WeatherBill can be thought of as expressive insurance, a financial category no doubt poised for growth and a wonderful example of how computer science algorithms are finally supplanting the centuries-old exchange logic designed for humans (CombineNet is another great example).
WeatherBill can also be thought of as a combinatorial prediction market with an automated market maker, a viewpoint I’ll expand on now.
On WeatherBill, you piece together contracts by specifying a series of attributes: date range, place, type of weather, threshold temperature or participation level, minimum and maximum number of bad-weather days, etc. The user interface is extremely well done: a straightforward series of adaptive menu choices and text entry fields guide the customer through the selection process.
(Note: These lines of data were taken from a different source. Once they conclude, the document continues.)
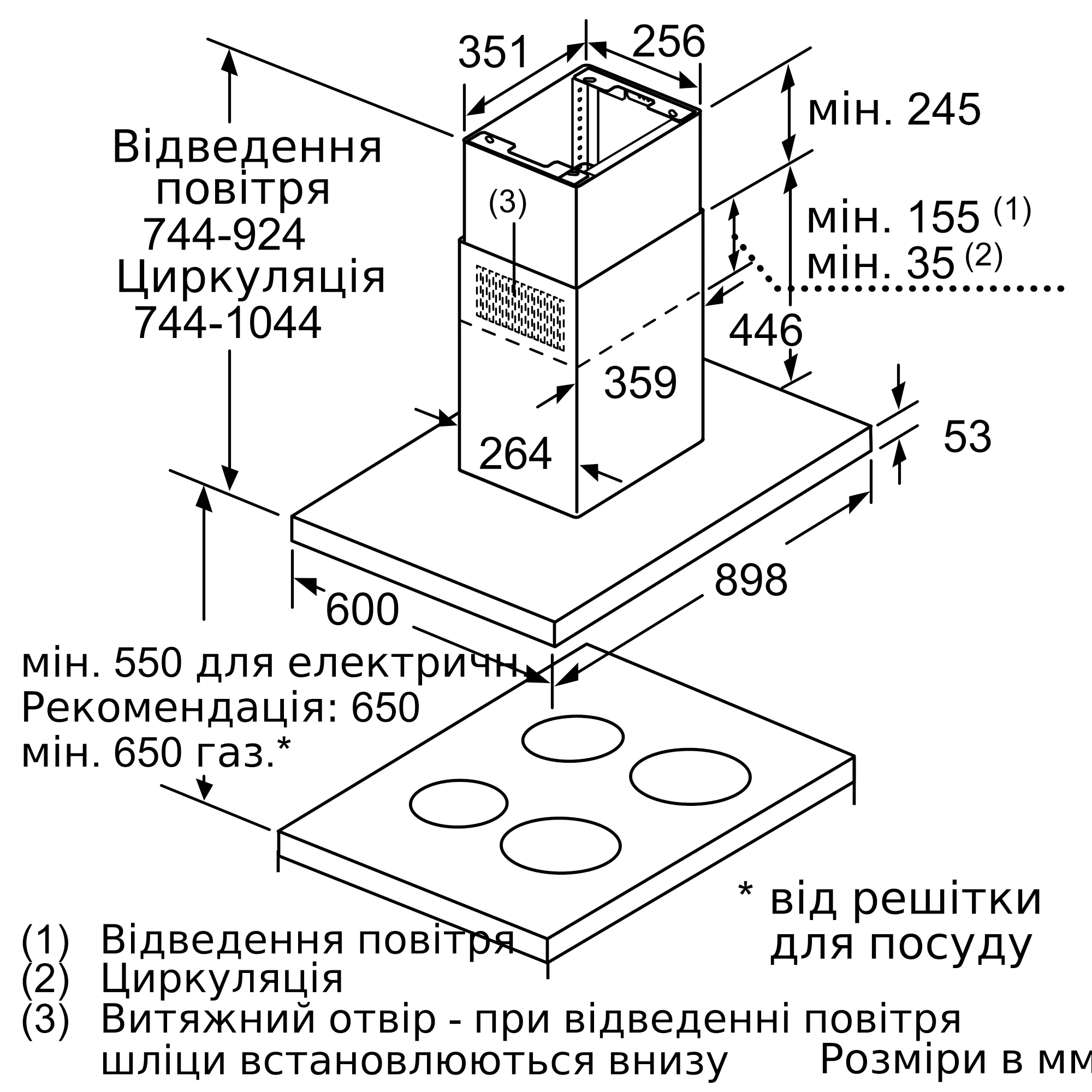 Шум під час роботи на максимальній швидкості складає 57 dB, що є досить помірним показником, а у режимі рециркуляції гучність зростає до 67 dB. Витяжка працює на 250 Вт і має клас енергетичної ефективності B, що дозволяє заощадити на електроенергії та зменшити витрати.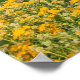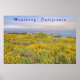 Um campo vibrante de flores silvestres amarelas se estende em direção ao horizonte, criando um impressionante contraste contra o oceano azul e o céu nublado na Península de Monterey, Califórnia. As flores estão em flor de cheio, suas pétalas amarelas brilhantes criando um mar de cor. O litoral é visível ao fundo, com recortes rochosos e as leves ondas do oceano.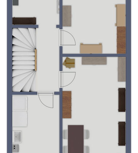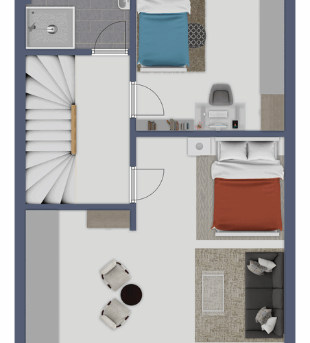 Im Obergeschoss stehen zwei gut geschnittene Schlafzimmer verschiedener Größe zur Verfügung, die sich ideal als Kinder-, Arbeits- oder Gästezimmer eignen. Außerdem befindet sich hier ein Tageslichtbad mit Dusche.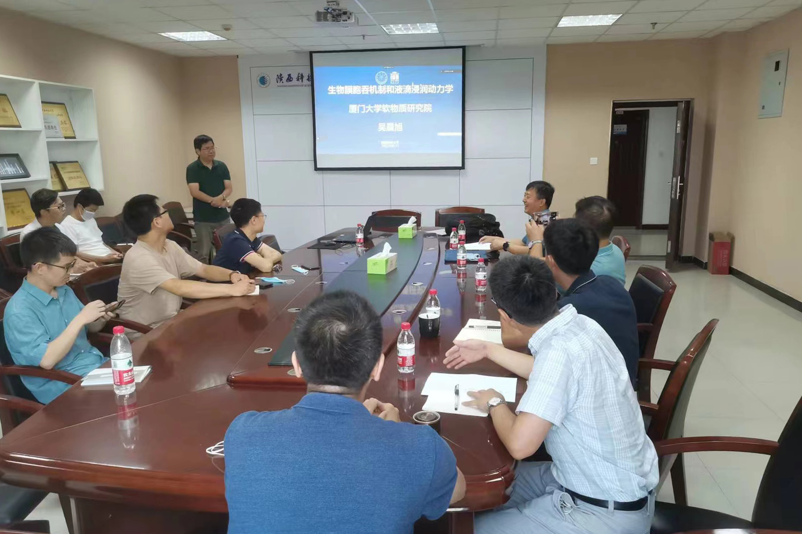 8月17日上午,應(yīng)文理學(xué)院邀請(qǐng),廈門(mén)大學(xué)吳晨旭教授做客我?!扒把乜茖W(xué)報(bào)告”,報(bào)告題目為“生物膜活性顆粒吞噬機(jī)制和液滴浸潤(rùn)動(dòng)力學(xué)”,報(bào)告會(huì)線下和線上同時(shí)進(jìn)行。報(bào)告會(huì)由文理學(xué)院院長(zhǎng)劉建科主持,物理學(xué)科教授、研究生導(dǎo)師、國(guó)家自然科學(xué)基金申報(bào)教師及部分研究生等50余人參加了此次報(bào)告會(huì)。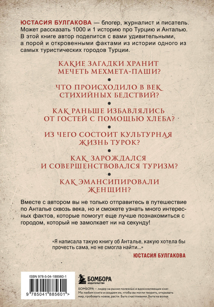 💳 Оплатить за товар можно при получении 🇰🇿 Есть бесплатная доставка по Казахстану 🎁 Копите бонусы с каждой покупки Серия: Путешествия по культурам мира Юстасия Булгакова — блогер, журналист и писатель. Может рассказать 1000 и 1 историю про Турцию и Анталью. В этой книге автор поделится с вами удивительными, а порой и откровенными фактами из истории одного из самых туристических городов Турции. Вместе с автором вы не только отправитесь в путешествие по Анталье сквозь века, но и сможете узнать много интересных фактов, которые помогут еще лучше познакомиться с городом, который не замолкает ни на секунду! |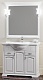 Описание: влагостойкое зеркальное полотно в классической раме из массива бука, с двумя изящными светильниками в матовых плафонах и полкой.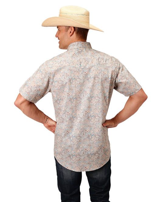 Men's Short Sleeve Dot Paisley Print Western Shirt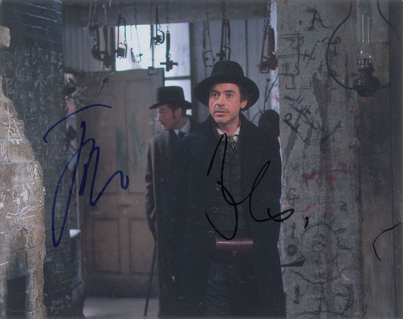 Color satin-finish 10 x 8 photo of Sherlock Holmes and Dr. John Watson from the 2009 Guy Ritchie film, signed in black felt tip by Robert Downey Jr., and in blue felt tip by Jude Law. In fine condition.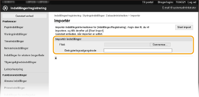 Indlæs (importer) data, der er blevet eksporteret fra maskinen. Du kan også importere maskinindstillingsdata fra en anden maskine til din maskine, hvis modellerne er den samme.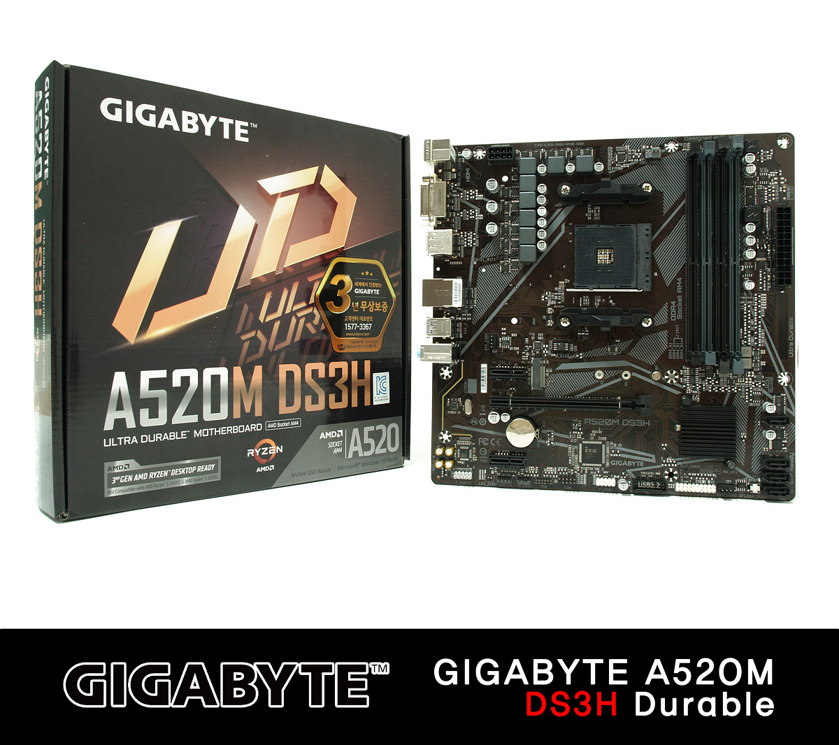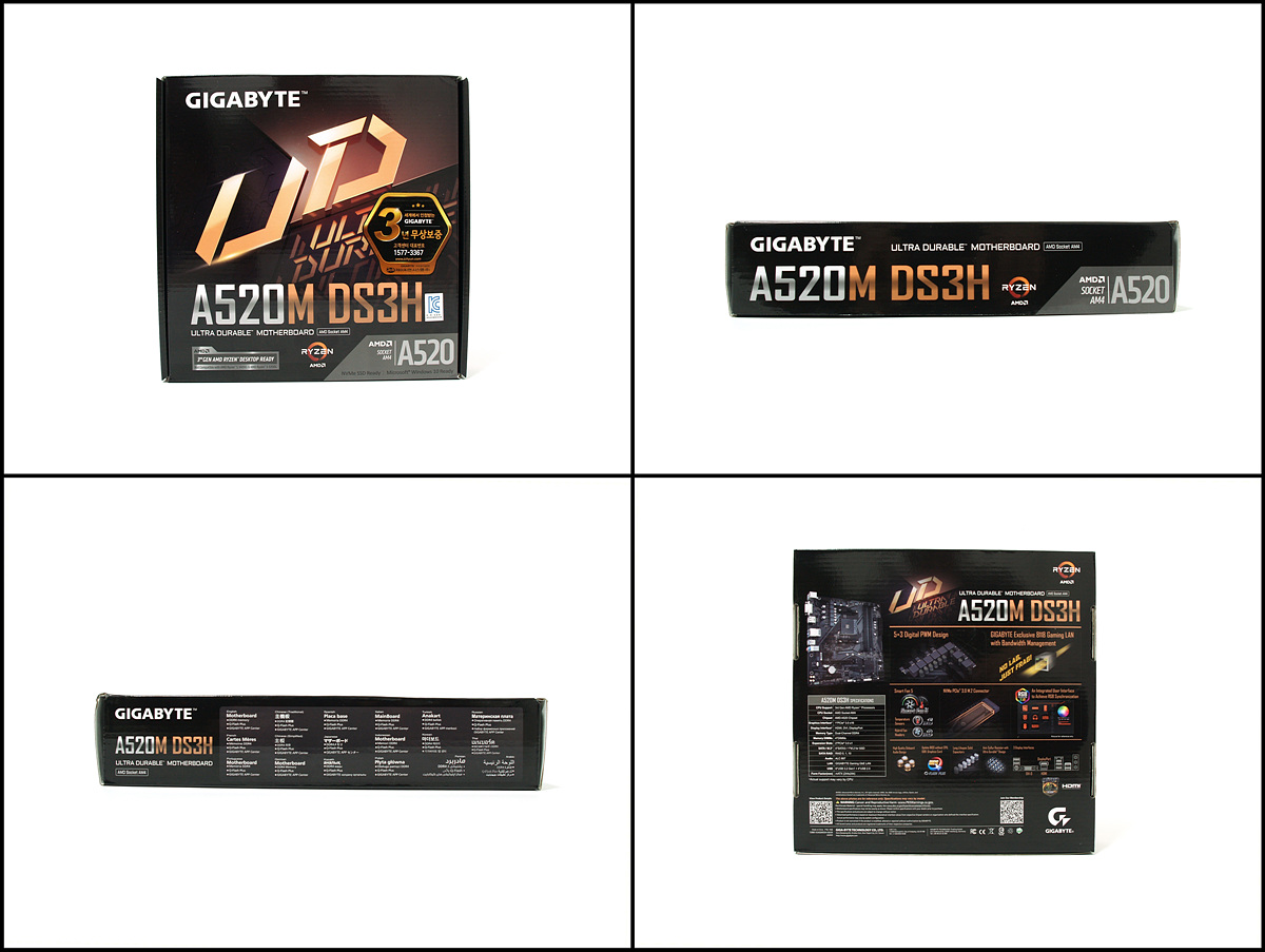 작년 라이젠 3세대 APU인 르누아르 발표 후 이를 사용할 수 있는 다양한 메인보드들이 출시가 되었습니다. AMD의 APU는 이전부터 인텔의 내장 그래픽보다는 훨씬 좋은 성능을 보여주어서 시장의 반응이 상당히 좋았습니다. 개인적으로는 이런 APU들과 가장 잘 어울리는 메인보드는 AMD의 엔트리급이라고 할 수 있는 A 라인업이라고 생각합니다. 내장 그래픽이 있어서 추가로 VGA를 장착할 필요가 없고 업무용으로도 충분하고 롤(LoL)과 같이 낮은 사양의 게임을 즐기기에도 전혀 손색이 없기 때문이죠. 이번 시간에 소개하는 기가바이트 A520M DS3H는 이런 A520 칩셋을 사용한 메인보드로 작년에 출시했던 A520M S2H 제품에서 몇가지 기능을 조금 더 업그레이드한 메인보드입니다.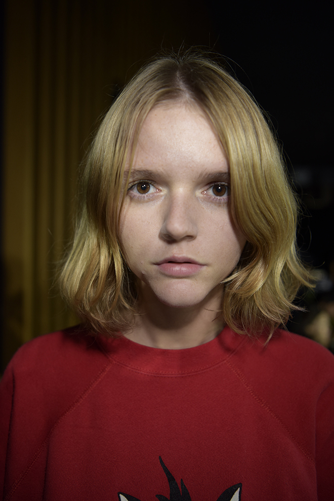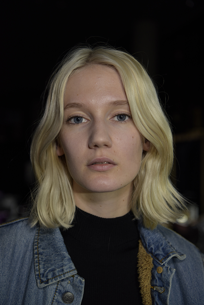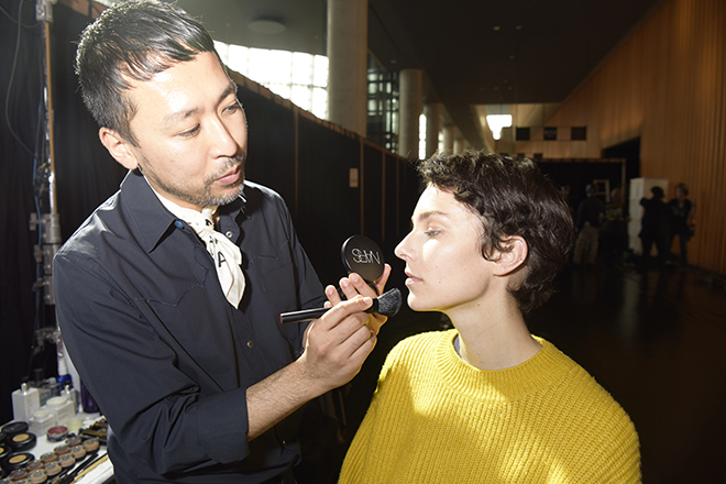 その強いスタイリングにあわせるメイクは一見、ノーマルなナチュラルメイク風。しかしよくよく見ると、ナチュラルなムードの中で目元だけが自然にくっきりと強調されている。目元を強調するというと、一般的には目周りを過剰に作りこむようなイメージを思い浮かべるが、今回の方法はそのような“足し算の強調”ではない。むしろ目元にはほとんど何も施さずに目元以外の印象を“抑える”ことで、目の存在感を高めるという発想の転換がなされている。キーアイテムはルースパウダー。目の周りに丁寧に塗布することで、目元だけをくっきりと浮き上がらせるような効果を生む。強調したいパーツをさりげなく目立たせるこの方法は、ほかのパーツにも応用できそうだ。

This flexibility quickly leads to a combinatorial explosion: given the choices on the site I’m sure the number of possible contracts you can construct runs into the millions.
Once you’ve defined when you want to be paid — according to whatever definition of bad weather makes sense for you or your business — you choose how much you want to be paid.
Finally, given all this information, WeatherBill quotes a price for your custom insurance contract, in effect the maximum amount you will lose if bad weather doesn’t materialize. Quotes are instantaneous — essentially WeatherBill is an automated market maker always willing to trade at some price on any of millions of contracts.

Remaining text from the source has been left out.